*MATERIALS PROVIDED*.
- - - -

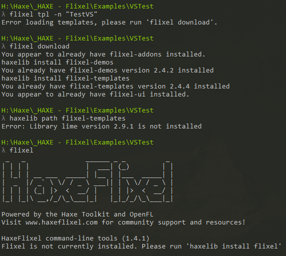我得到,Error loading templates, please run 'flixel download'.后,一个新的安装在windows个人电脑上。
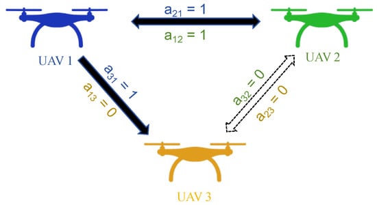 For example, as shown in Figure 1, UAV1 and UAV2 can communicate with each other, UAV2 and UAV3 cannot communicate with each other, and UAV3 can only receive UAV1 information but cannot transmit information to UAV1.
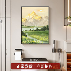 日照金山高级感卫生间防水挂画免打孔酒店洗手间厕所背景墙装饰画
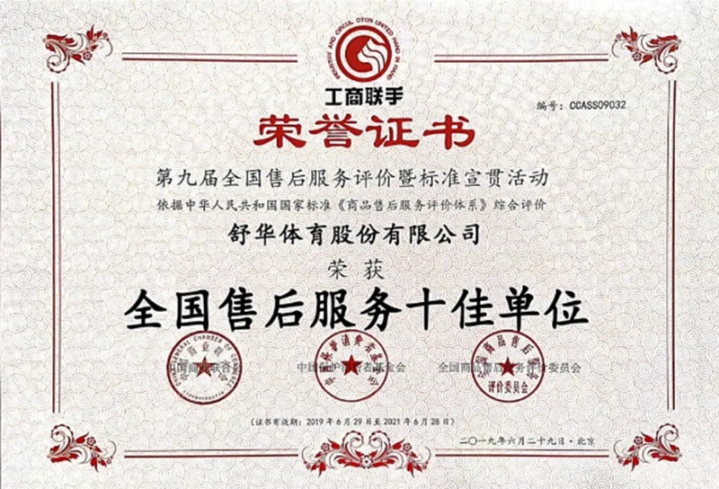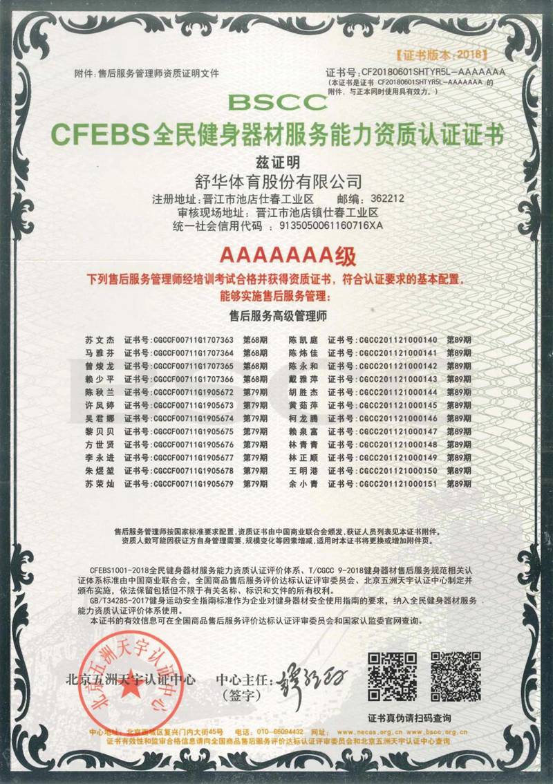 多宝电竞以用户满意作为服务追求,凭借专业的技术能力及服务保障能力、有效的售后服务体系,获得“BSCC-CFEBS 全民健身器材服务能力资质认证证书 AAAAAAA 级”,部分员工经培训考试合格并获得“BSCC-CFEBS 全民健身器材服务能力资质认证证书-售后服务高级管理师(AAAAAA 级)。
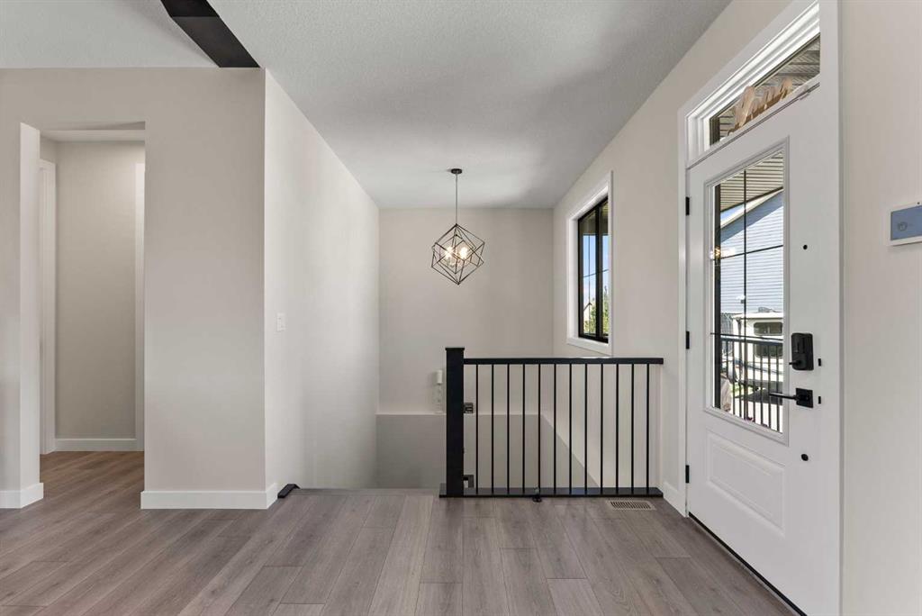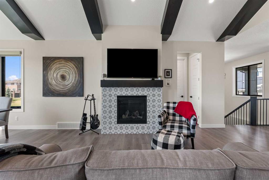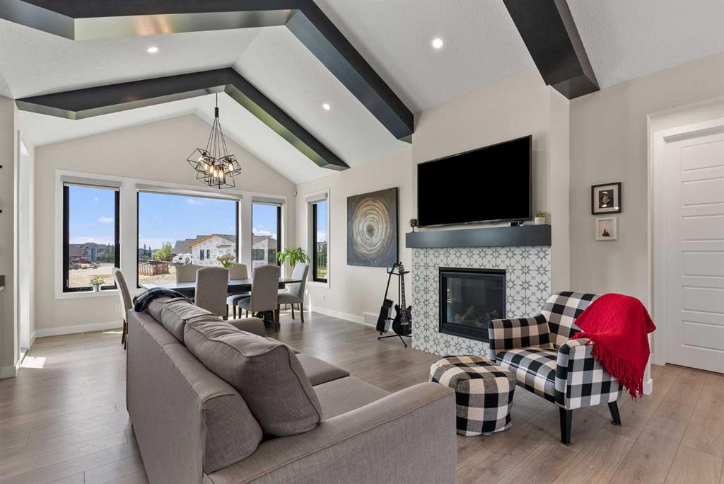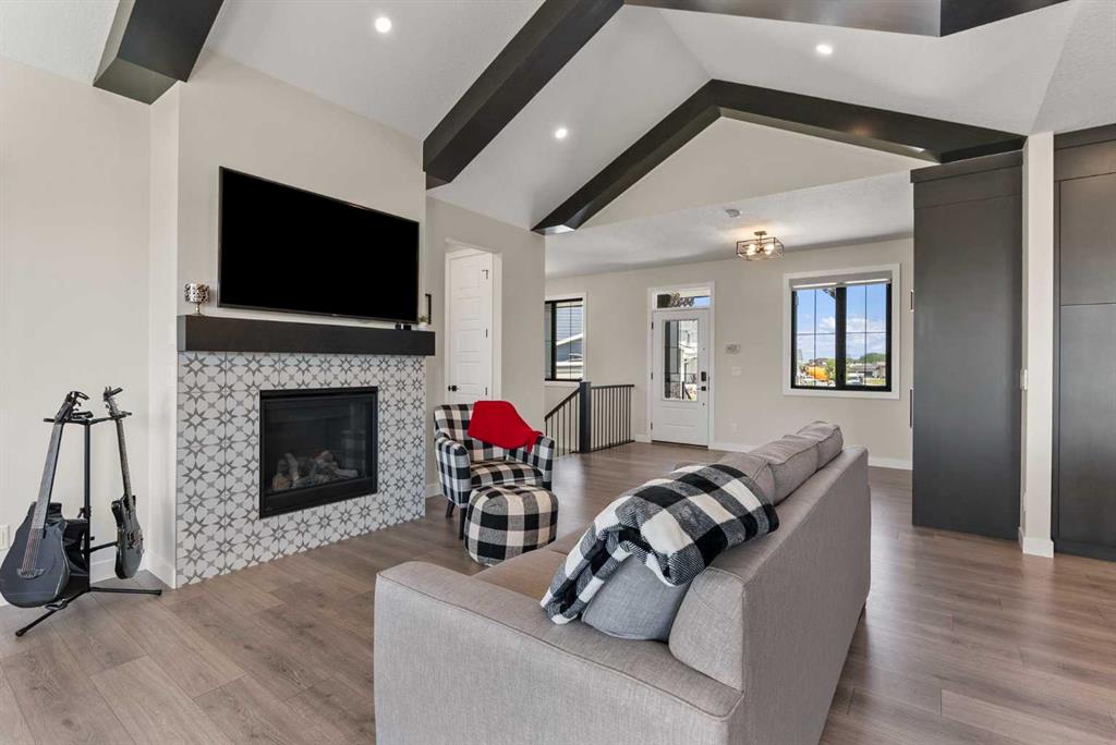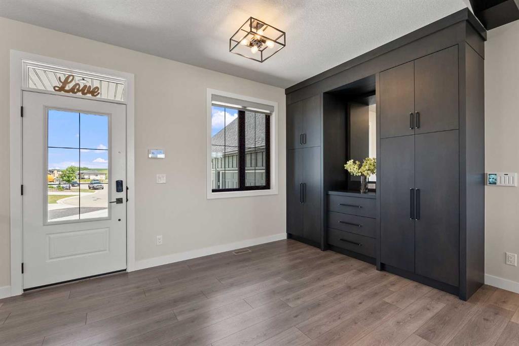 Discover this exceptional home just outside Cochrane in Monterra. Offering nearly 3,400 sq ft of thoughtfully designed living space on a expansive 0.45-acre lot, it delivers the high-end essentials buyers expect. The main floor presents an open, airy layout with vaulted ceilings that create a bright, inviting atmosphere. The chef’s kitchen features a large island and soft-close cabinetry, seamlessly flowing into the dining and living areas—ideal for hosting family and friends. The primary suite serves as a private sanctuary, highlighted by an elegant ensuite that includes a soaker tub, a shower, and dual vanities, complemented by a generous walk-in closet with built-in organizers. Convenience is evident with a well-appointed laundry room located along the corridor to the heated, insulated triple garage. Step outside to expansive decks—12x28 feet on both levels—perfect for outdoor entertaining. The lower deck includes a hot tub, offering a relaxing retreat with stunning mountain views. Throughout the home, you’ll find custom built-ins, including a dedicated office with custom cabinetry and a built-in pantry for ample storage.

- - - -

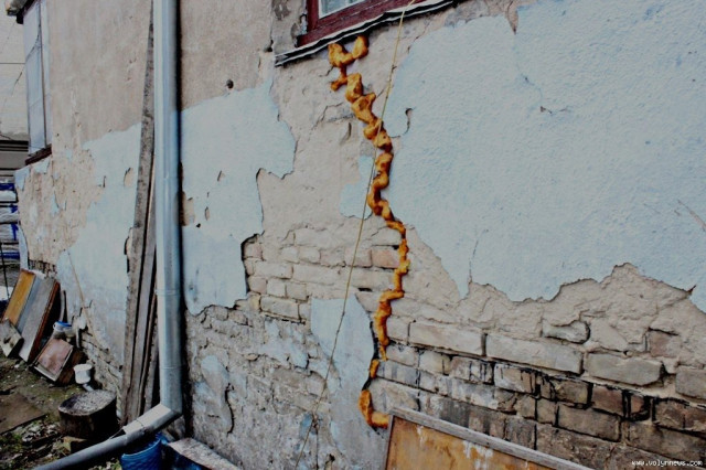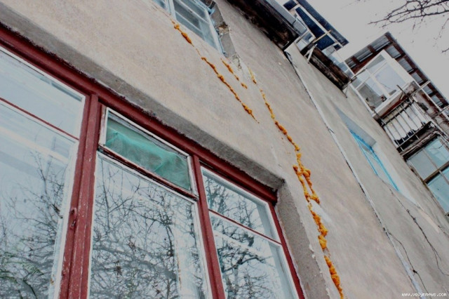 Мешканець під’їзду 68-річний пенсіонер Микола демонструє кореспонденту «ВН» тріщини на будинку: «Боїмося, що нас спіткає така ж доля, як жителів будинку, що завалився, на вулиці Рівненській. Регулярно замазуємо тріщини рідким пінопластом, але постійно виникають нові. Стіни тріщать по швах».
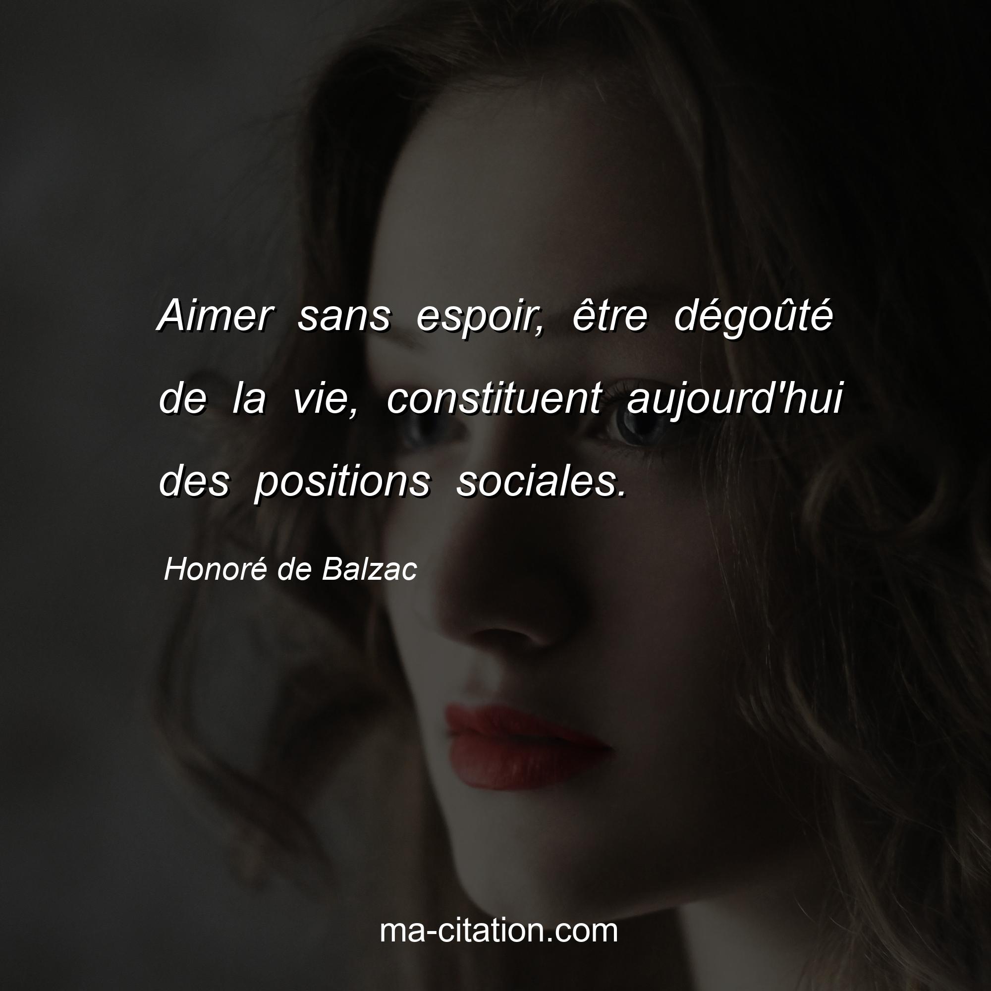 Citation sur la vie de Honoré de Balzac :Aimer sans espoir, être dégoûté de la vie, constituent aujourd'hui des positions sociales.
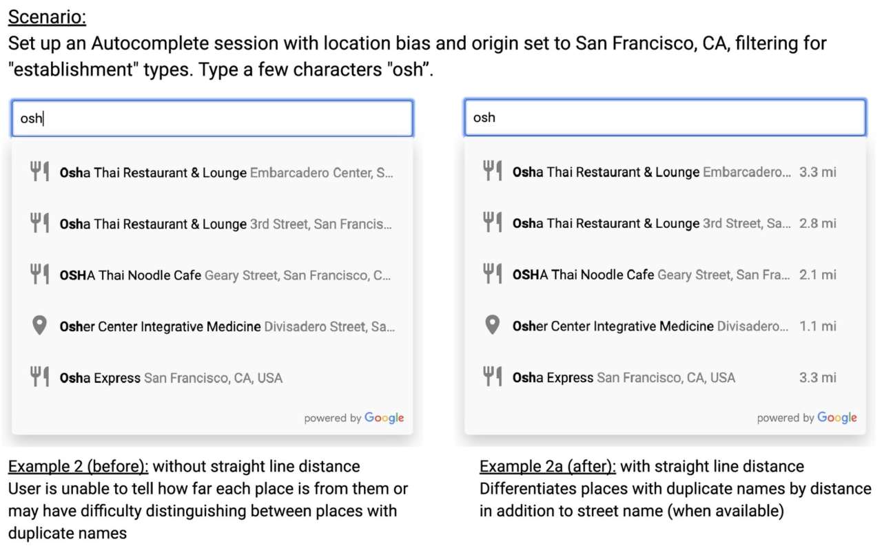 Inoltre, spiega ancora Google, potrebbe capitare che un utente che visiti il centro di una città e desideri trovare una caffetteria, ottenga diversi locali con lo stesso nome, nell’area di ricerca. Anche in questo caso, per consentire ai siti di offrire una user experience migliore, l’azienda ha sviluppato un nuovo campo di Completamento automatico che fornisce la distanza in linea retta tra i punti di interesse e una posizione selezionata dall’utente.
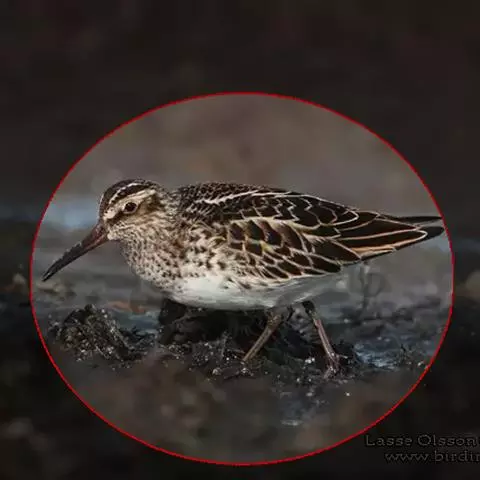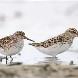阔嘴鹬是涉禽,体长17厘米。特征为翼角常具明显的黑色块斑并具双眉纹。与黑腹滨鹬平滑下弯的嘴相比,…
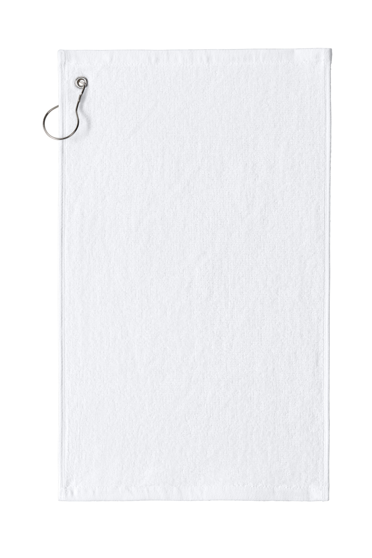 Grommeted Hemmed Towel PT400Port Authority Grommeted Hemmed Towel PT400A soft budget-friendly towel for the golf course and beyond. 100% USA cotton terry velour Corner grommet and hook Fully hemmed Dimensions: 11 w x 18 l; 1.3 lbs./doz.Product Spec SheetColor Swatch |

- - - -

Within the listing above, the lines from the one with "Citation sur la" through the one with "Grommeted Hemmed Towel PT400Port" are to be given again word for word. Do not include pictures.

*ANSWER SPACE*.
 Citation sur la vie de Honoré de Balzac :Aimer sans espoir, être dégoûté de la vie, constituent aujourd'hui des positions sociales.
 Inoltre, spiega ancora Google, potrebbe capitare che un utente che visiti il centro di una città e desideri trovare una caffetteria, ottenga diversi locali con lo stesso nome, nell’area di ricerca. Anche in questo caso, per consentire ai siti di offrire una user experience migliore, l’azienda ha sviluppato un nuovo campo di Completamento automatico che fornisce la distanza in linea retta tra i punti di interesse e una posizione selezionata dall’utente.
阔嘴鹬是涉禽,体长17厘米。特征为翼角常具明显的黑色块斑并具双眉纹。与黑腹滨鹬平滑下弯的嘴相比,…
 Grommeted Hemmed Towel PT400Port Authority Grommeted Hemmed Towel PT400A soft budget-friendly towel for the golf course and beyond. 100% USA cotton terry velour Corner grommet and hook Fully hemmed Dimensions: 11 w x 18 l; 1.3 lbs./doz.Product Spec SheetColor Swatch |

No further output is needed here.